The development of the questionnaire and the selection of items were based on the assumption that early childhood caries and DDE could share possible aetiological factors [36, 46]. The developed questionnaire was tested regarding face validity and content validity using a panel of experts (dentists of the Department of Preventive and Paediatric Dentistry, Jena University Hospital, Germany) and respondents (randomly selected parents attending the Department of Preventive and Paediatric Dentistry, Jena University Hospital, Germany for routine dental examinations). The revised questionnaire was then tested in a pilot test by collecting data from 25 randomly selected parents not included in the final sample.

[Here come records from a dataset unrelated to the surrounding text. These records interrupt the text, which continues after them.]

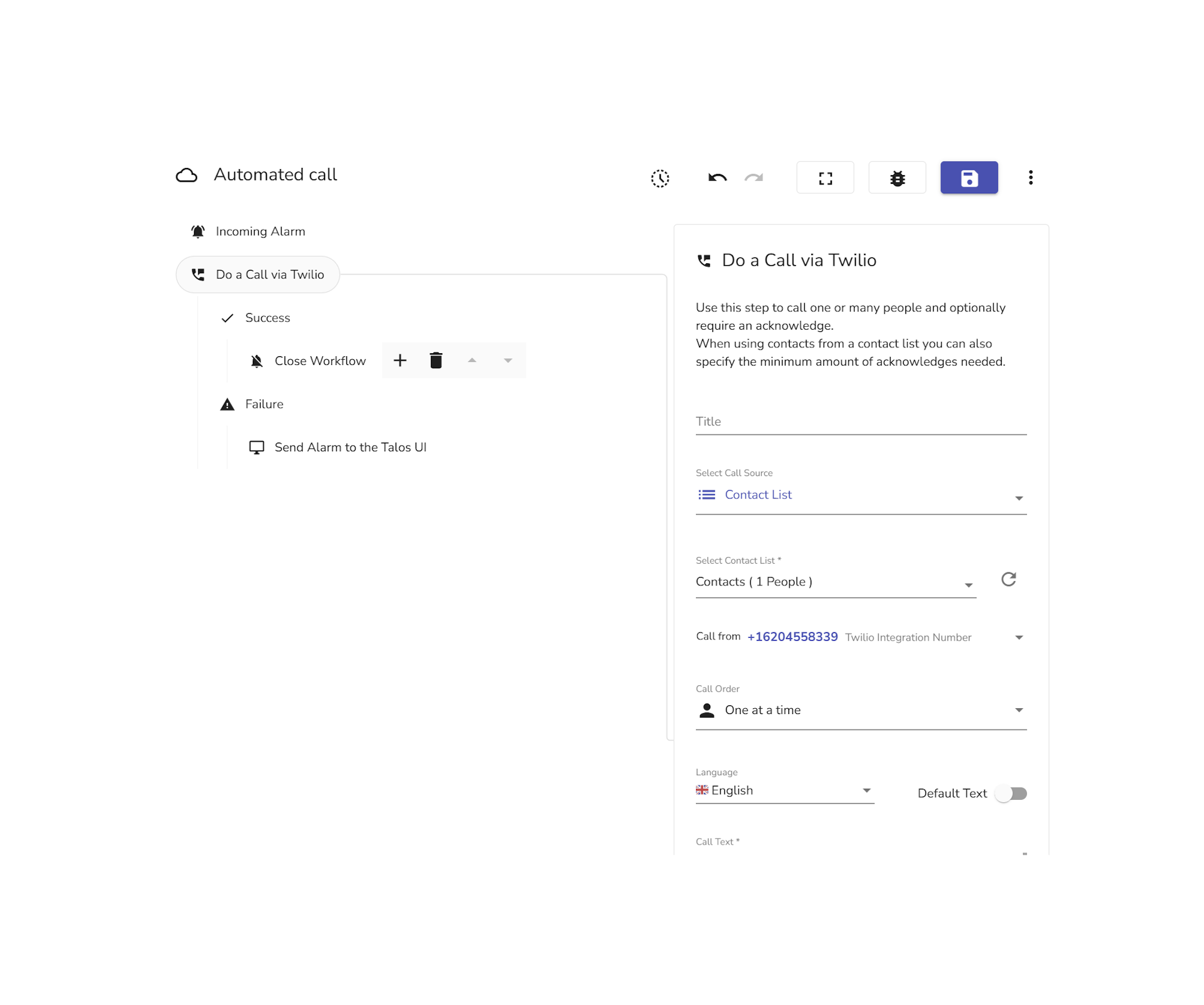 Operators can place calls directly from the alarm or workflow view without switching tools or searching for numbers.
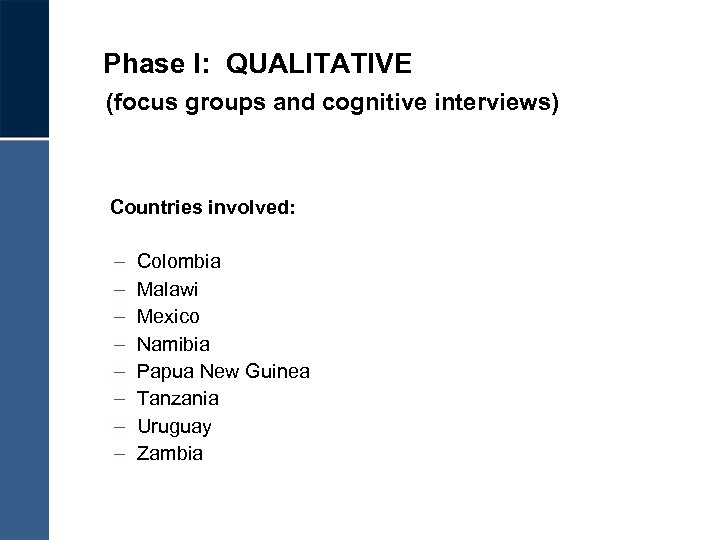 Phase I: QUALITATIVE (focus groups and cognitive interviews) Countries involved: – – – – Colombia Malawi Mexico Namibia Papua New Guinea Tanzania Uruguay Zambia
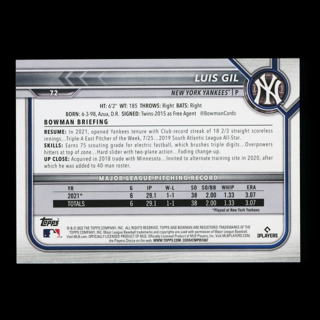 Luis Gil RC 2022 Bowman Rookie Yankees
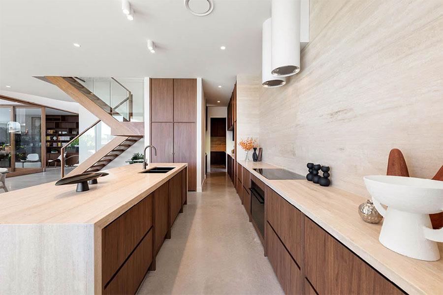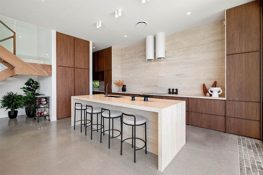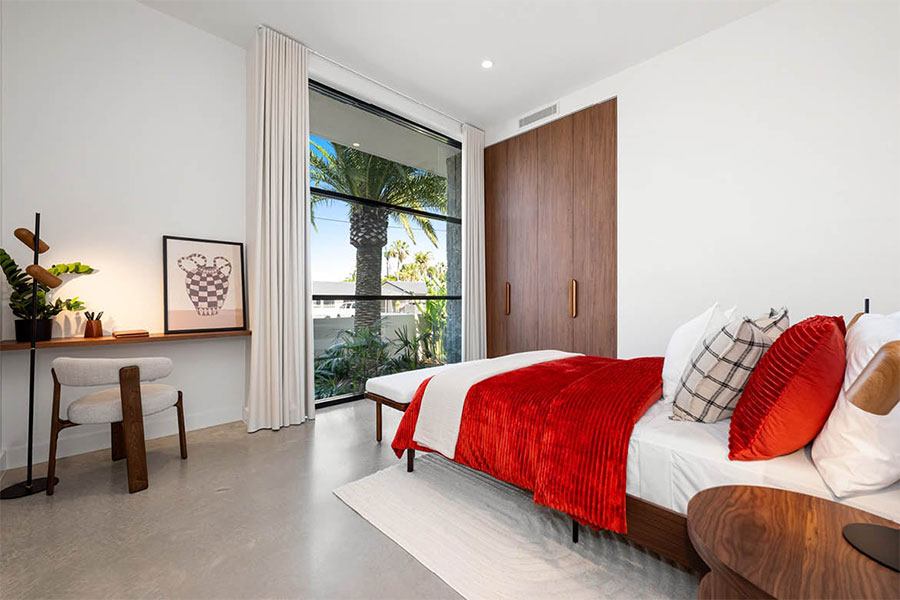 Italian travertine adds elegance throughout, while heated polished concrete floors extend to an entertainer’s terrace featuring an outdoor kitchen and magnesium pool.
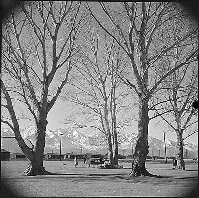 - Manzanar Relocation Center, Manzanar, California. A view on the main firebreak at this War Relocation Authority Center, for evacuees of Japanese desecnt. In the background is seen the Sierra Nevada range of mountains, and in the foreground, a rabbit hutch, which houses pets of some of the children. Caption and Photograph courtesy of The National Archives
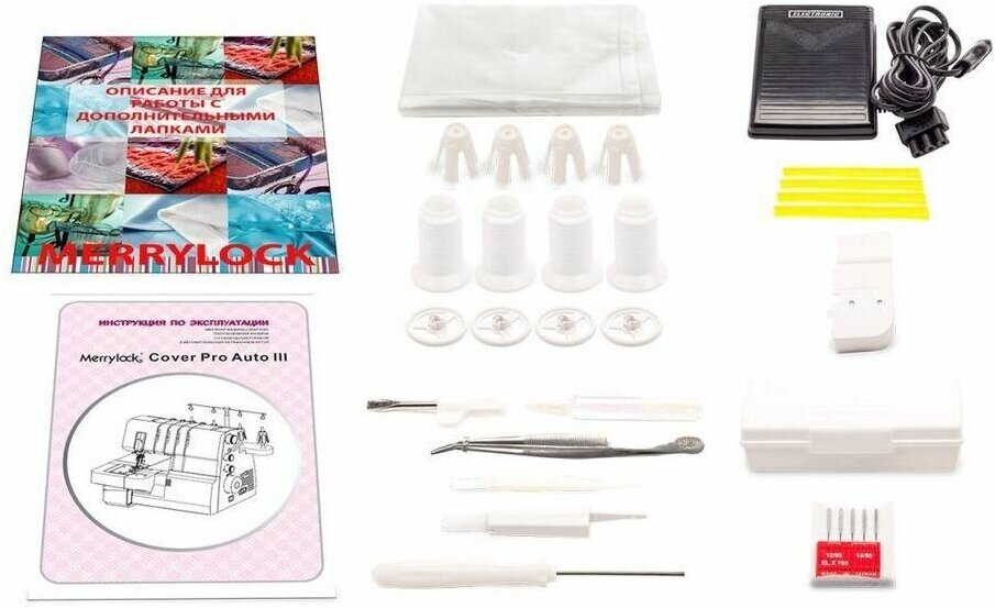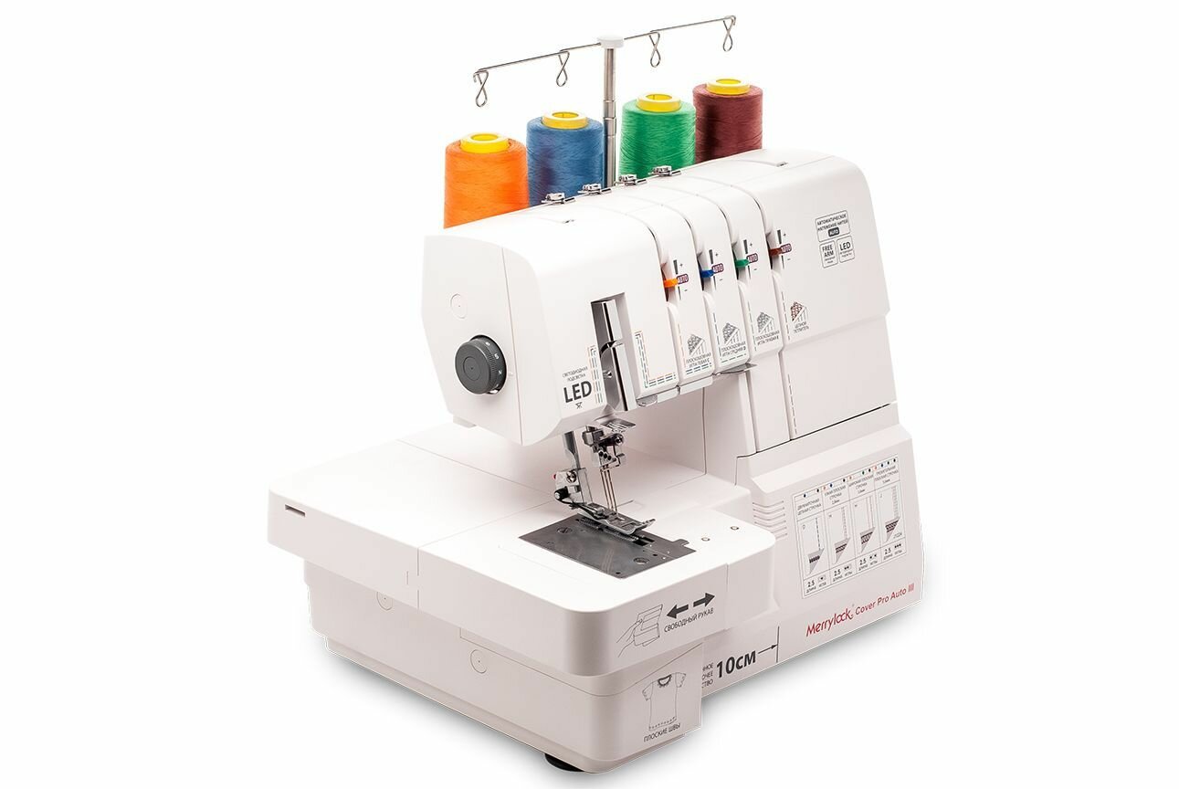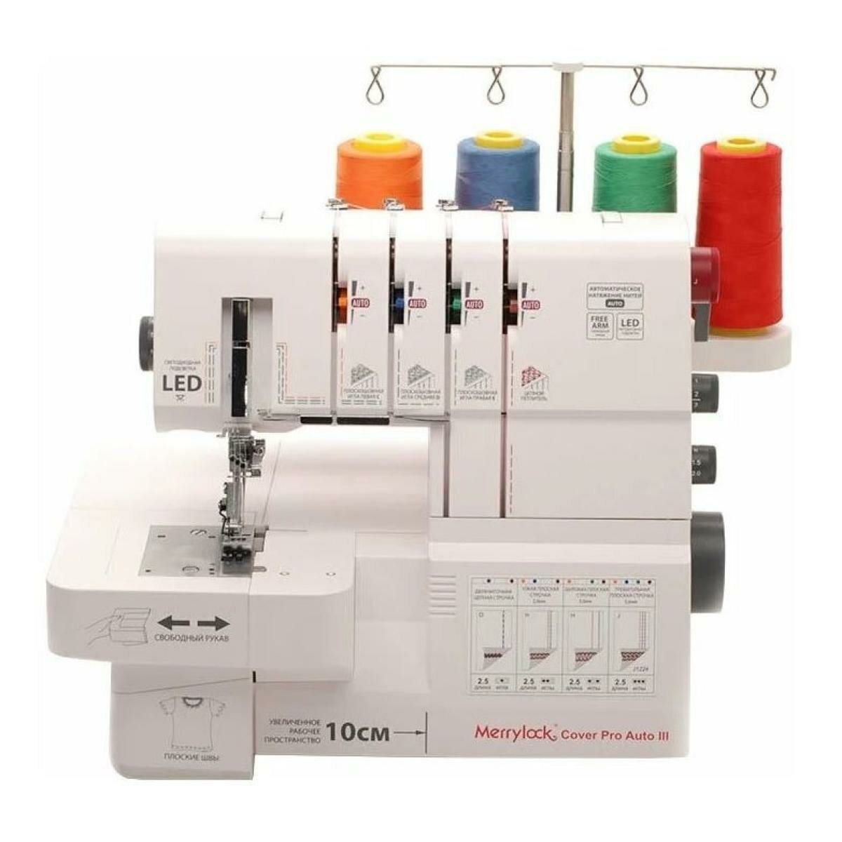 Машина швейная Merrylock Cover Pro Auto III, 1100ст/мин, 4 нити, LED-подсветка интересное:

Data were recorded in Microsoft Excel files (Office Version 2011, Microsoft Corporation, Redmond, WA, USA) and transferred to Statistical Package for Social Sciences (SPSS version 20) for analysis (IBM Corporation, Armonk, NY, USA). After correlation analysis (Pearson) and adjustment of variables that showed a strong or very strong correlation (correlation coefficient >0.5), the chi-square test (Pearson) or Fisher exact test was used to determine the statistical significant associations between the independent variables (low SES, ethnicity, diet, preterm birth, general disease, medication, use of vitamin D supplements, etc.) and the outcome variable enamel defects before the multivariate analysis was conducted. Variables that showed significant associations (p < 0.2) were included in the multivariate logistic regression analysis. A backward stepwise elimination was used in the logistic regression. A further calculation was conducted to determine whether there was a difference between the independent variables (gender, migration background, low SES, diseases during pregnancy, Caesarean type of delivery, preterm birth, low birth weight) of the participating children and the children who dropped out. The data were analysed using the t-test. A p-value ≤0.05 was set to indicate statistically significant differences.